▸ **What to produce**
None of the pictures should appear; the lines from the line containing "そこのフライパンには、各国の1年間の卵の消費量がディスプレイされていました。" through the last line of the listing must be repeated exactly.

▸ **Given material**
-------------------------

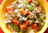 Говяжий стейк, маринованный в соевом соусе, обжаренный в масле и тушенный в соусе со сладким перцем и помидорами.
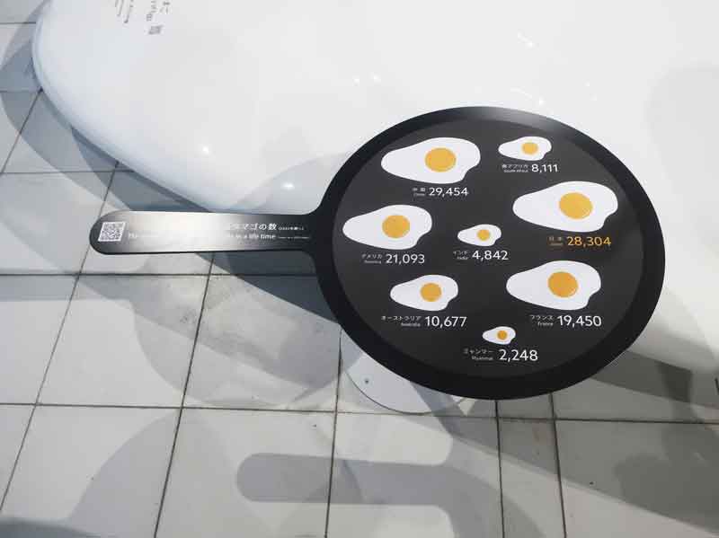 そこのフライパンには、各国の1年間の卵の消費量がディスプレイされていました。
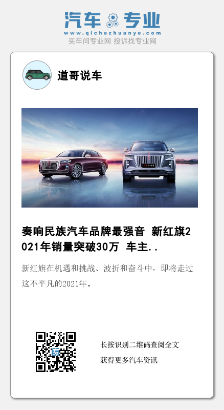 12月31日,新红旗品牌官方宣布:2021年12月,新红旗以超过39100台的月销量,再次刷新单月销量纪录;2021全年销量突破30万台,同比增长超过50%,增速10倍于行业平均水平,撞线品牌销量崭新里程碑。尤其是,新红旗产品矩阵的两款旗舰车型——红旗H9和红旗E-HS9,分别以全年突破40000台和5400台的成绩,在各自市场同级产品中居于前列,成为新红旗占位自主豪华汽车品牌的引航者。

-------------------------

▸ **Worked solution**
 そこのフライパンには、各国の1年間の卵の消費量がディスプレイされていました。
 12月31日,新红旗品牌官方宣布:2021年12月,新红旗以超过39100台的月销量,再次刷新单月销量纪录;2021全年销量突破30万台,同比增长超过50%,增速10倍于行业平均水平,撞线品牌销量崭新里程碑。尤其是,新红旗产品矩阵的两款旗舰车型——红旗H9和红旗E-HS9,分别以全年突破40000台和5400台的成绩,在各自市场同级产品中居于前列,成为新红旗占位自主豪华汽车品牌的引航者。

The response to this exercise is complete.